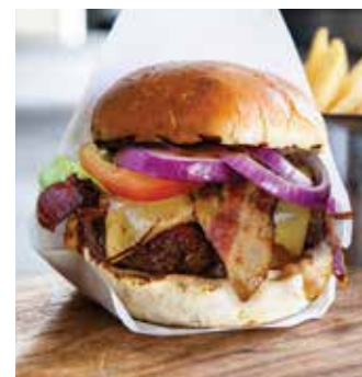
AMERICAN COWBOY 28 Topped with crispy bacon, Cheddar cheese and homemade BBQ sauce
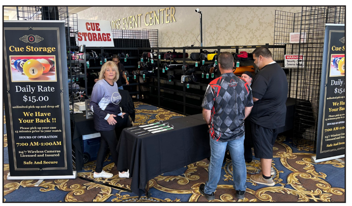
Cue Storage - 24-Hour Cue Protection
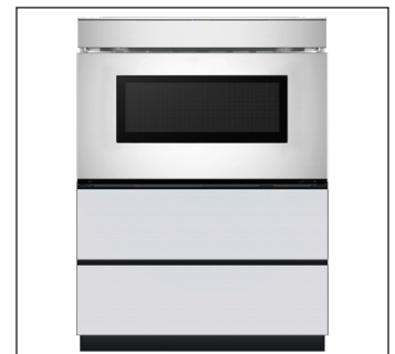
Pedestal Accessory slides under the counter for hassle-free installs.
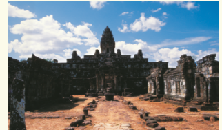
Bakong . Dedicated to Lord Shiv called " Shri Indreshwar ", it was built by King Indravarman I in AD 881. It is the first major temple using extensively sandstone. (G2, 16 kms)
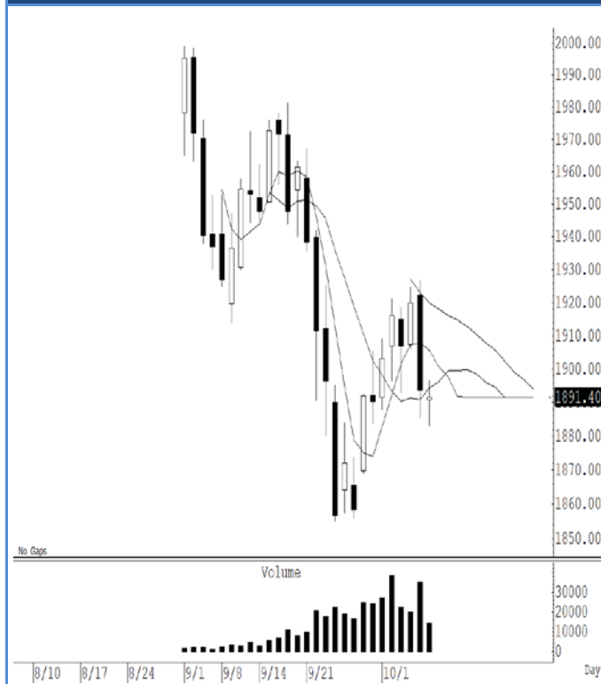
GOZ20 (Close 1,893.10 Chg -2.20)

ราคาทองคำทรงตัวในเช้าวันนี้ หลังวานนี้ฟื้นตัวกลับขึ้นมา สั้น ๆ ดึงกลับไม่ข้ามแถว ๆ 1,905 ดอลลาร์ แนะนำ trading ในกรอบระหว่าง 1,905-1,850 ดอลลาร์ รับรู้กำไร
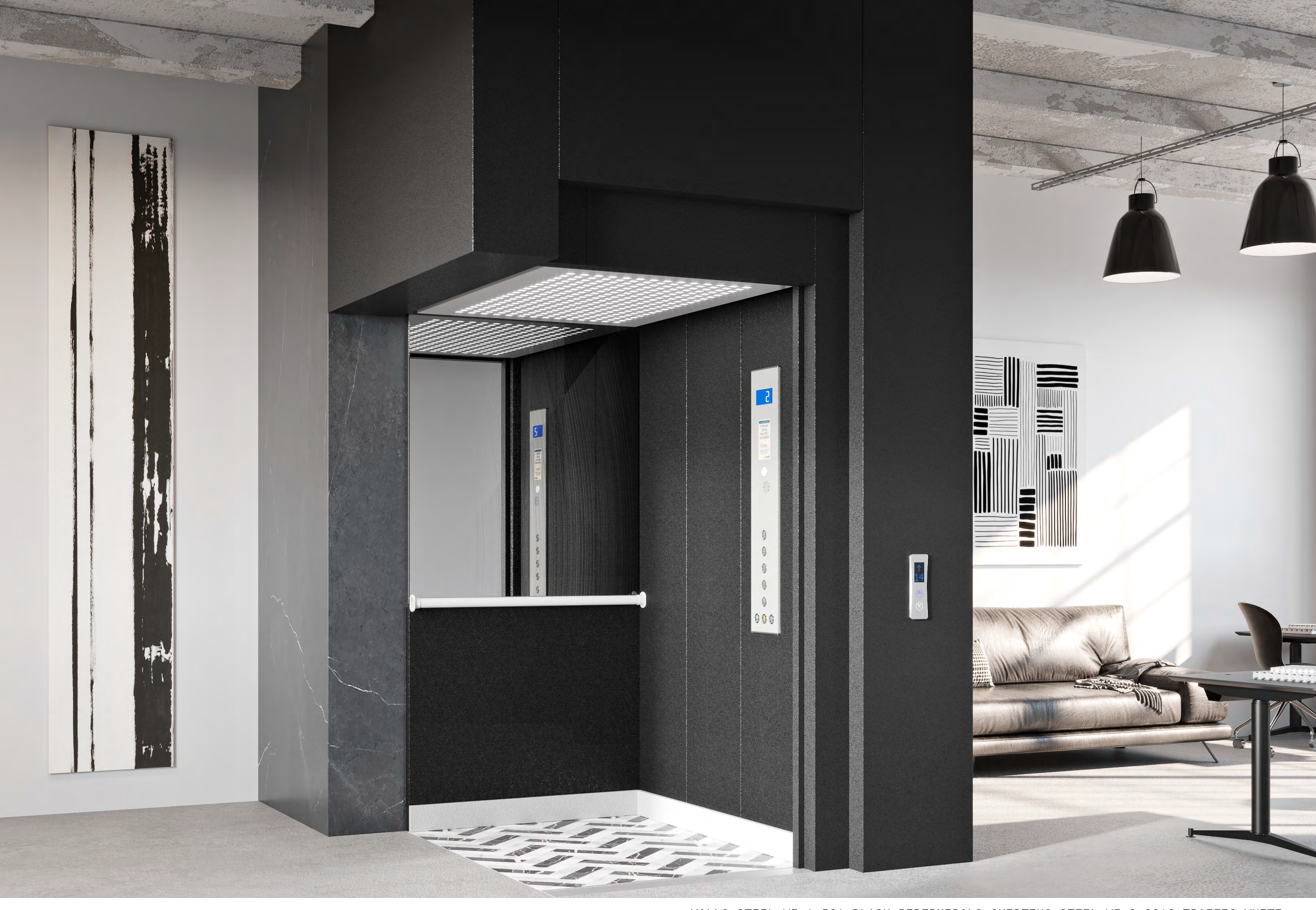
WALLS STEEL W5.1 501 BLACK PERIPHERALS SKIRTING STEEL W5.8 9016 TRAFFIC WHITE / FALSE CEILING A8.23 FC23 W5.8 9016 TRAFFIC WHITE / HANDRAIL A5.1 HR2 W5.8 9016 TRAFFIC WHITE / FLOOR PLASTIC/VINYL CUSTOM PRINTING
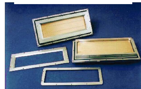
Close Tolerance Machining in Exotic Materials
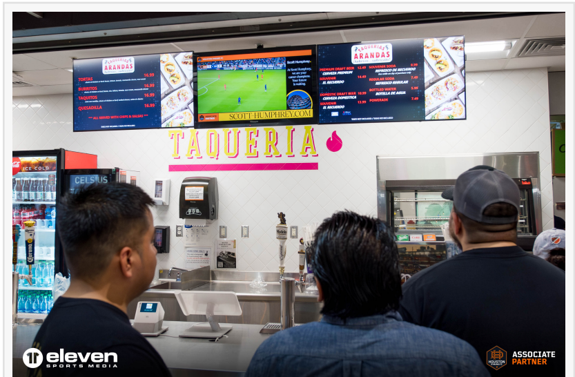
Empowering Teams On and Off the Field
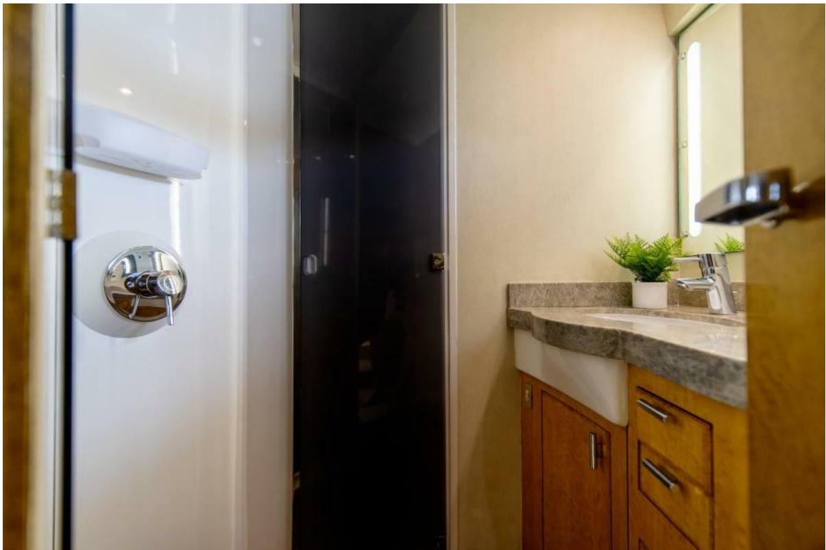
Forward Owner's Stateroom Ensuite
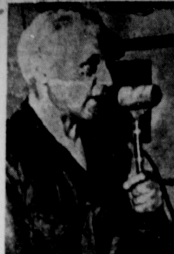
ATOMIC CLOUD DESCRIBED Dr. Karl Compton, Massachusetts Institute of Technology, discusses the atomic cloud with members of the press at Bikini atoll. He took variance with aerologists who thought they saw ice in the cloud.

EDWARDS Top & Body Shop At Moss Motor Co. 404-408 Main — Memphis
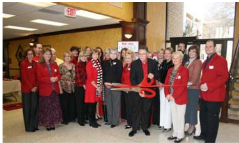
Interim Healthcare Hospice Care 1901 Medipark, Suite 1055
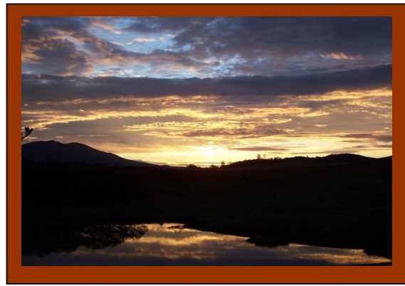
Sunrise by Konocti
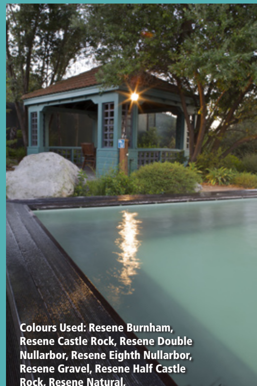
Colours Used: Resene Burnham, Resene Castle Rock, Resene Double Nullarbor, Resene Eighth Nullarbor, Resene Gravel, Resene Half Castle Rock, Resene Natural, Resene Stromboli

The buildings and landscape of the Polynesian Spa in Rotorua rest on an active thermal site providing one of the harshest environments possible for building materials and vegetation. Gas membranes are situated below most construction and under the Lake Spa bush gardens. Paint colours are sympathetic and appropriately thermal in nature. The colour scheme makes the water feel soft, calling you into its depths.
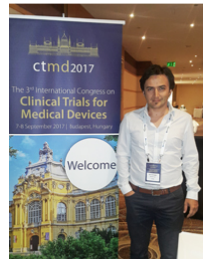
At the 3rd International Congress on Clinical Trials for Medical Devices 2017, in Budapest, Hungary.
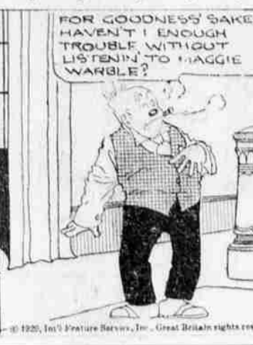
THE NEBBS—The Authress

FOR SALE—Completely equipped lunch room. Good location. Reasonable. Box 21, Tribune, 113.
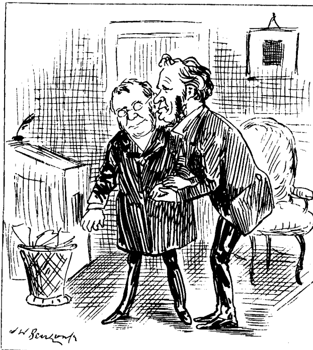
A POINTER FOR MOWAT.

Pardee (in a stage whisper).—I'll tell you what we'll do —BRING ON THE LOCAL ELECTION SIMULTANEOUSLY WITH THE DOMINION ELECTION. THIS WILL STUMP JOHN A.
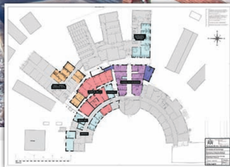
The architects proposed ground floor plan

==

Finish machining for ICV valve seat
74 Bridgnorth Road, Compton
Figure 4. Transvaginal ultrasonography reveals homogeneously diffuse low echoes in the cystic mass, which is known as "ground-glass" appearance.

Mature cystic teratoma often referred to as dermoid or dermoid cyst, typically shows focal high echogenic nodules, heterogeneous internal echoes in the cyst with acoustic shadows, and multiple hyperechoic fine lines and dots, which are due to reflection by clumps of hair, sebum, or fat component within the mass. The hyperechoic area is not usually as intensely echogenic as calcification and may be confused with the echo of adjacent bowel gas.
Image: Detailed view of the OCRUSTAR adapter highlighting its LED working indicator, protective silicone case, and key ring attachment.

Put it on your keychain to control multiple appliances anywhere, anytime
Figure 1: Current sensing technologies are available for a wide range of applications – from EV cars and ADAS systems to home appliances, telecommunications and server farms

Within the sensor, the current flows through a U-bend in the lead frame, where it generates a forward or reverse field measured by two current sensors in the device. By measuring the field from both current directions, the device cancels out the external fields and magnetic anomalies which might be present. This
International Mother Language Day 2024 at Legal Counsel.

- **TASK STATEMENT**: Go through the records above and return each line in which the word "ground" occurs.

- **RESULT OF THIS TASK**:
The architects proposed ground floor plan
Figure 4. Transvaginal ultrasonography reveals homogeneously diffuse low echoes in the cystic mass, which is known as "ground-glass" appearance.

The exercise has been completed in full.